An Unexpected Death in the Family…

Russ Rice, a Veterinarian from Broken Bow, Nebraska, did not expect today to be the beginning of a saga that made him consider E. coli – certain STEC subsets, in particular – in a different way. He stood still as he observed the crew begin to pull some young female cows from a pen of 170 other heifers. Rice and his crew chose the cows based on their general demeanor and appearance, carefully selecting those that seemed to be lethargic, sick, or acting abnormally.

Today, he had noticed a number of heifers he felt were in need of respiratory disease treatment.

As the crew pulled the cows, Rice “noted that some bloody stools were present in the containment pen.” As a result, he also treated the animals for coccidiosism, a parasitic disease of the intestinal tract that manifest as bloody diarrhea. Despite the treatment, the cows’ bloody stools continued, and one of the animals died.

Rice examined the cow that died from what he had believed to be a fairly common intestinal ailment among young cattle. He immediately noticed abnormalities in the animal’s intestinal tract that were readily visible to the human eye.

He immediately submitted specimens from the heifer to the University of Nebraska diagnostic laboratory for testing.

…From an Unexpected Cause – Non-O157:H7 STEC (EHEC)

The test results came as more than a bit of a surprise: the laboratory found signs of attaching and effacing E. coli, and subsequently diagnosed the O165:H25 enterohemorrhagic, also known as Shiga toxin-producing (STEC) strain.

In humans, infections with some STEC serotypes “may result in hemorrhagic or nonhemorrhagic diarrhea, which can be complicated by” Hemolytic Uremic Syndrome (HUS), a potentially fatal complication that has the potential to lead to liver failure and death.

These specific STEC strains are known as enterohemorrhagic E. coli (EHEC) — EHEC strains are a subgroup of STEC with “high pathogenic potential for humans.”

Protecting the Herd

Rice recognized the need to take proactive measures to prevent the other heifers from contracting the potentially lethal disease.
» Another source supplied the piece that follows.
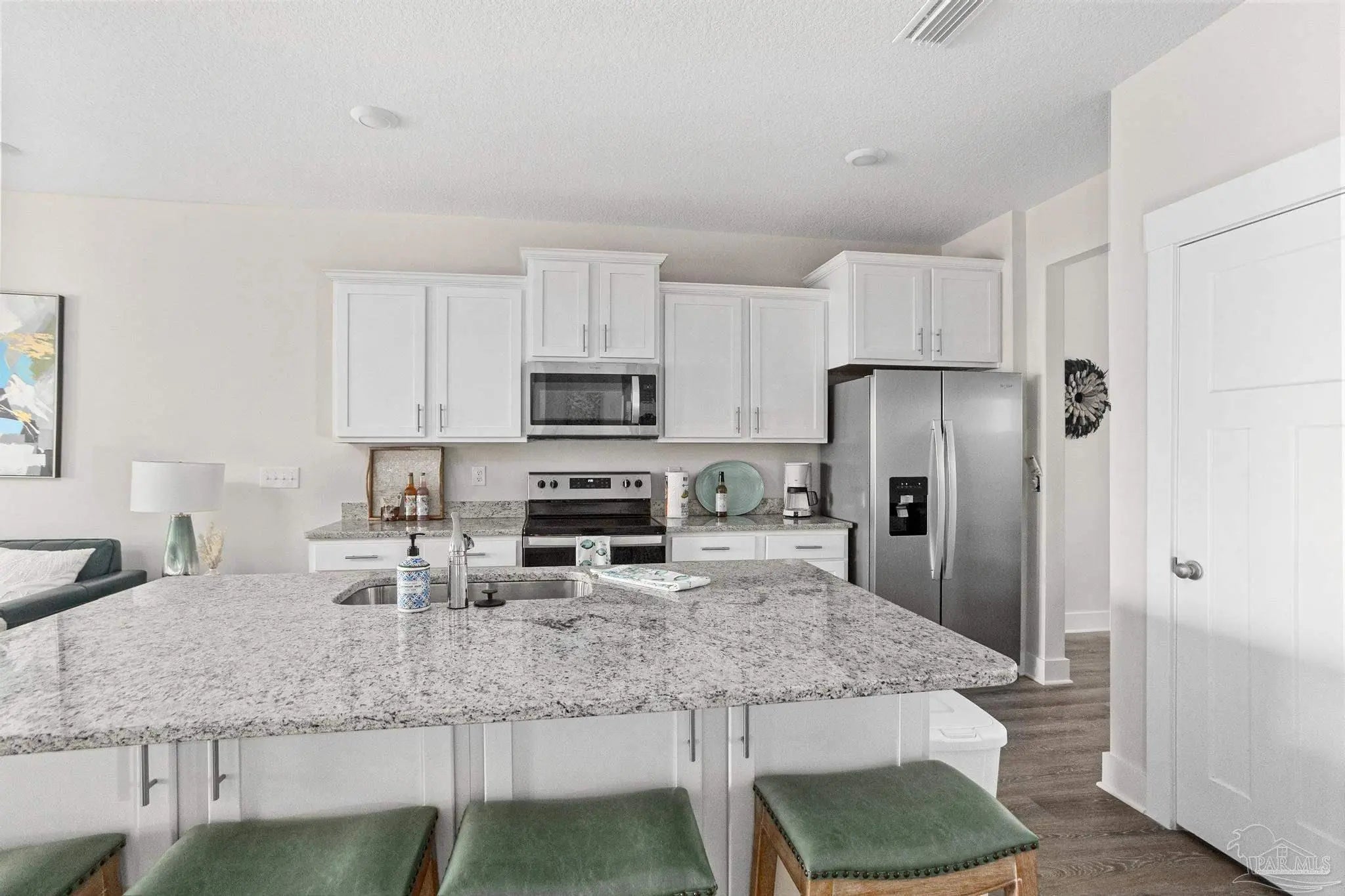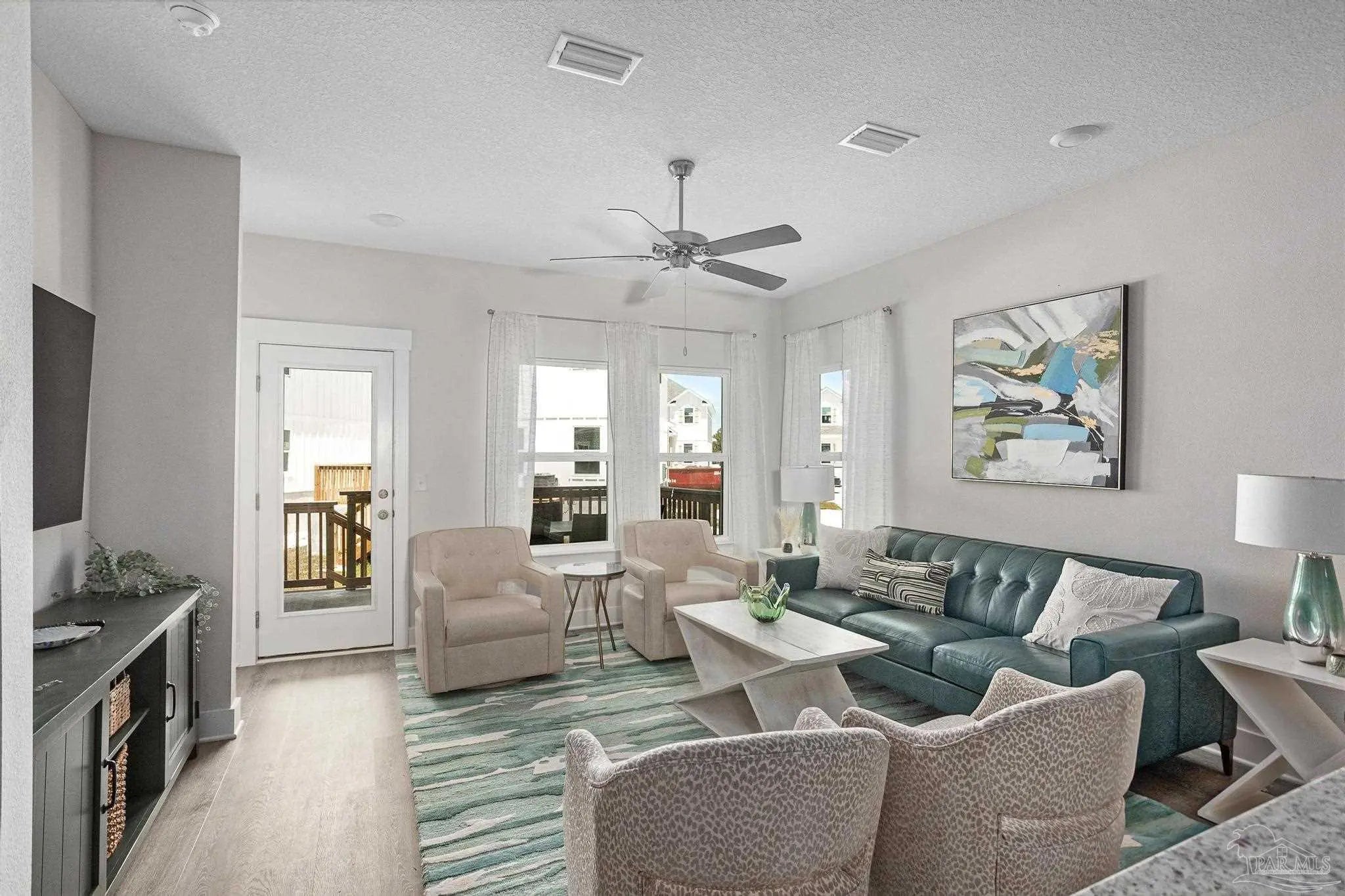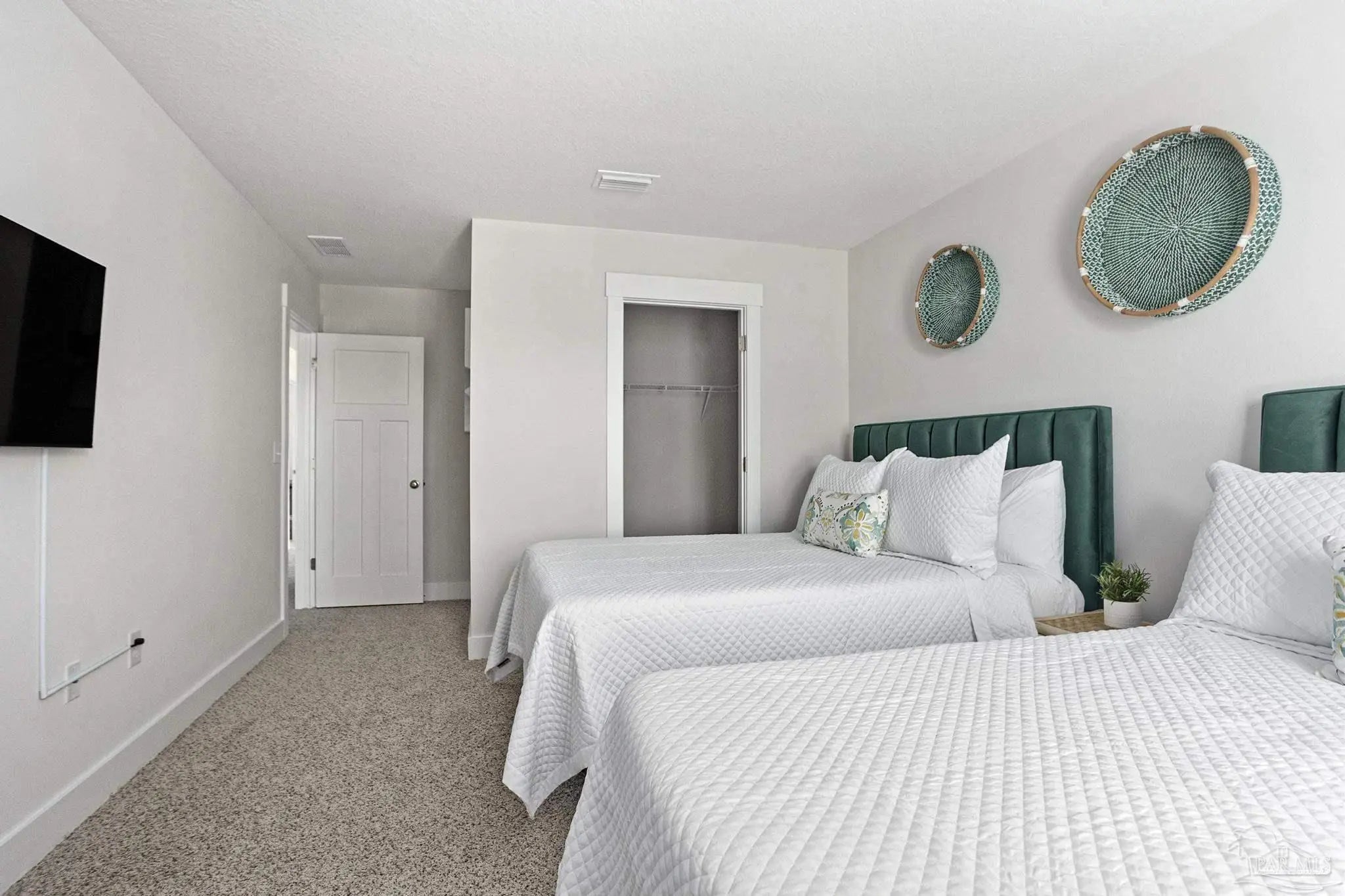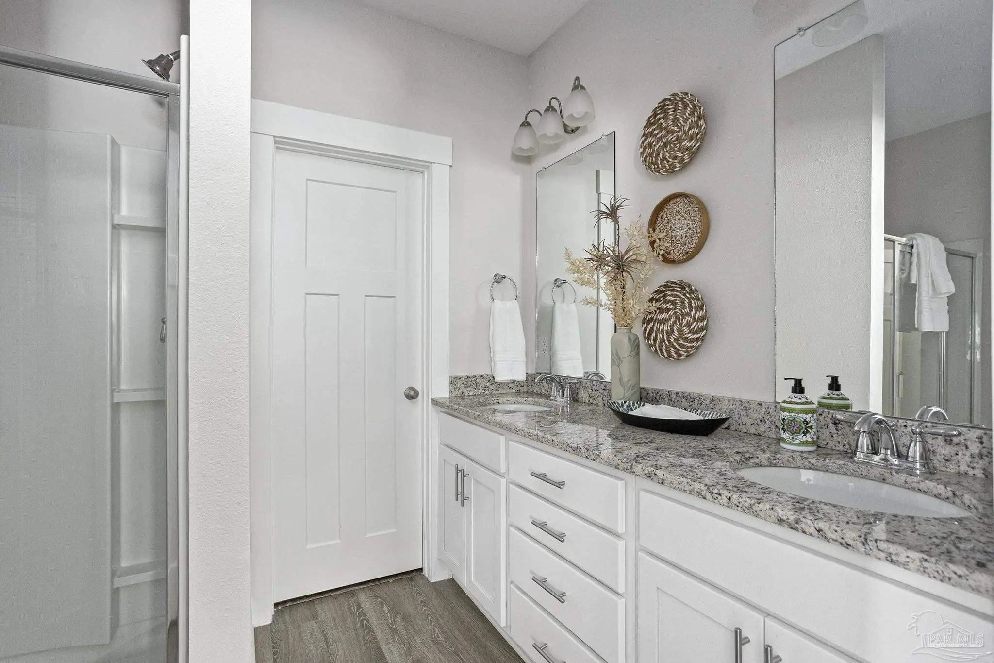 Built in 2022, this beautifully maintained 4-bedroom, 3.5-bath home offers a fantastic blend of modern design and coastal charm. With two spacious living areas, there's room for everyone to spread out and relax. You'll love the light wood-look LVP flooring throughout the main spaces, complemented by cozy carpeting in the bedrooms and second living area. The kitchen is a dream — featuring stainless steel appliances, sleek granite countertops, stylish white cabinetry, and a large island with breakfast bar seating. A formal dining room flows directly into the kitchen, making it ideal for entertaining. The spacious master suite is filled with natural light and boasts a luxurious ensuite bathroom with double granite vanities and a glass-enclosed standing shower. Enjoy year-round outdoor living on the covered back patio, offering plenty of room for an al fresco dining area. Built for peace of mind, this home includes hurricane protection features like double-pane windows, insulated ceilings, durable Hardiplank siding, and fabric shutters ready for quick installation. Plus, with newer major components like the roof, HVAC, and hot water heater, you can move in with confidence.

He added bovamine – essentially probiotics for cattle, or additional “good bacteria” to offset any STEC in the animals’ digestive tracts – to the cows’ food. He also decreased the amount of grain and increased the amount of hay the heifers were rationed each day.

A week following the change in diet, stool samples taken from the pen in question all tested negative for E. coli O165:H25.

At the same time, tests conducted on samples taken from the pen next to the one that had housed the E. coli-infected heifers tested positive for coccidia, the parasitic condition that Rice initially believed the animals infected with STEC had.

Rice drew two conclusions from the presence of coccidia in the adjacent pen:

First, he came to strongly suspect that coccidiosis initially infected the cows that later contracted E. coli O165:H25. The coccidiosis would essentially weaken the heifers’ immune system, making them more susceptible and less able to fight off the E. coli infection.

Second, Rice “also suggests that cases of STEC could be mistaken for coccidiosis, salmonella, BVD” (a diarrheal disease affecting bovine) or “other diseases” in the absence of laboratory diagnosis.

While his first conclusion helped explain the events of the past week or so, the second observation was more troubling. A potentially lethal strain of E. coli could easily be mistaken for a much more mundane condition. The second conclusion only led to more questions: how prevalent is this strain of E. coli? is it frequently detected in bovine? has it been detected in humans? how often is it tested for?…and the questions continued.

Future Ramifications

“Cattle feeders and veterinarians should keep an eye out for E. coli O165:H25, an STEC strain that can cause disease in cattle and potentially poses a food-safety hazard for humans.”

“The O165:H25 serotype,” Rice says, “is similar to E. coli O157:H7, and could be an emerging food-borne pathogen in cattle and beef.” He suggests that veterinarians include STEC in their list of differential diagnoses when they see enteric disease in feedlot cattle.”

Serotype O165 has now been associated with an outbreak in the Northwest US, and the complete whole-gene sequence for E. coli O165:H25 STEC was finally reported in December of 2015.

All that’s left to discover is how many other serotypes may be – or become – virulent to humans; and whether – or how much – they differ from O157:H7.